Exact sequence splits?

Let's take $$0\rightarrow \mathbb{Z}_{2} \overset{\psi }{\rightarrow} \mathbb{Z}_{4} \overset{\varphi }{\rightarrow} \mathbb{Z}_{2}\rightarrow 0$$ and assume there is a splitting homomorphism $\pi:\Bbb Z_2 \to \Bbb Z_4$. What are the possible $\pi$? Well, $\pi(0) = 0$ is a given, and $\pi(1) \neq 0$ if we want $\varphi\circ\pi = id_{\Bbb Z_2}$. But we need to have $\pi(1) + \pi(1) = \pi(1+1) = \pi(0) = 0$ in $\Bbb Z_4$, which forces $\pi(1) = 2$.

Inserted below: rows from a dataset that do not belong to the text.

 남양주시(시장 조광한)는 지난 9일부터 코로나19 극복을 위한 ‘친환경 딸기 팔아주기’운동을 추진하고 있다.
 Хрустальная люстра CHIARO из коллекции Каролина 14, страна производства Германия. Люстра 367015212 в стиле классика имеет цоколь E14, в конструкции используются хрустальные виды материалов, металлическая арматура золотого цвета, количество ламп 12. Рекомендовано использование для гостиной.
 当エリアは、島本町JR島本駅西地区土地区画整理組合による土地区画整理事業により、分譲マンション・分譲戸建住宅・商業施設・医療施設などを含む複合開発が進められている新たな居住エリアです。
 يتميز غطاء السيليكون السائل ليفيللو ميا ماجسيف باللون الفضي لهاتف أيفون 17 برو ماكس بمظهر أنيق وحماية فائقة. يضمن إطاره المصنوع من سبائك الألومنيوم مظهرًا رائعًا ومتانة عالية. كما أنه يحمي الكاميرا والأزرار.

Now, what does this say about the possibility of a splitting? Well, we want $$1 = id_{\Bbb Z_2}(1) = \varphi(\pi(1)) = \varphi(2) = \varphi(1+1) = \varphi(1) + \varphi(1) $$ (as elements of $\Bbb Z_2$). But this is impossible. This means that our assumption that there is such a $\pi$ must be false, and the sequence does not split.

On the other hand, for the sequence with the direct sum, it does split. Exactly how it splits depends on the details of $\bar\psi$ and $\bar\varphi$, but let's say that $\bar\psi(1) = (1, 0)$ and $\bar\phi(a, b) = b$. In that case, $\bar\pi(1) = (0, 1)$ works as a splitting homomorphism.

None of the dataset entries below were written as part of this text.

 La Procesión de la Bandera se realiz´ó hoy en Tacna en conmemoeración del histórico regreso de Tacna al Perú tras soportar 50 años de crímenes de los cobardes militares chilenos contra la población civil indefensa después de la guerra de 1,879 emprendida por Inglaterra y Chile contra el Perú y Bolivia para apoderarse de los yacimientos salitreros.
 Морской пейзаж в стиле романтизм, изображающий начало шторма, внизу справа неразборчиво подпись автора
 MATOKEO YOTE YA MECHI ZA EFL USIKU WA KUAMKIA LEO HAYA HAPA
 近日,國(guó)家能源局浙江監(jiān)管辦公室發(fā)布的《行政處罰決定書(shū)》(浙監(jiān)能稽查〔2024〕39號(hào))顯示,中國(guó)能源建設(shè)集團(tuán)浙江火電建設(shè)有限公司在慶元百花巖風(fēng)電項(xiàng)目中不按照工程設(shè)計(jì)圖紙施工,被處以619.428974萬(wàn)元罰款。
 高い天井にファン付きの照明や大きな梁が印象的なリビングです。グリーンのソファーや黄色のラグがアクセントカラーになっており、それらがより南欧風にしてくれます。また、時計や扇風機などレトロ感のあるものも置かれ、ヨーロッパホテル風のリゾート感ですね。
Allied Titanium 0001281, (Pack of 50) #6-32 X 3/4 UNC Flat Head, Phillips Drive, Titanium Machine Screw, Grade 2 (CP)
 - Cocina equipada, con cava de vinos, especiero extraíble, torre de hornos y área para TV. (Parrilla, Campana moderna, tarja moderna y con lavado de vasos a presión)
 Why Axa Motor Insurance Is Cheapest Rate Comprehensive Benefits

In general, when dealing with abelian groups, an exact sequence splits iff the middle term is the direct product of the right and left terms, $\psi$ is the corresponding inclusion and $\varphi$ is the corresponding projection. $\pi$ will be the corresponding inclusion ("opposite" of $\psi$).

Suppose that the exact sequence: $$0\rightarrow \mathbb{Z}_{2} \overset{\psi }{\rightarrow} \mathbb{Z}_{4} \overset{\varphi }{\rightarrow} \mathbb{Z}_{2}\rightarrow 0$$ is split, then the group $\mathbb {Z}_{4}$ must be the semi-direct product of $\mathbb{Z}_{2}$ by $\mathbb{Z}_{2}$. Since the only automorphism of $\mathbb{Z}_{2}$ is the identity so the action would be trivial. Hence $\mathbb {Z}_{4}$ becomes the direct product $\mathbb{Z}_{2}\times \mathbb{Z}_{2}$.But this is impossible.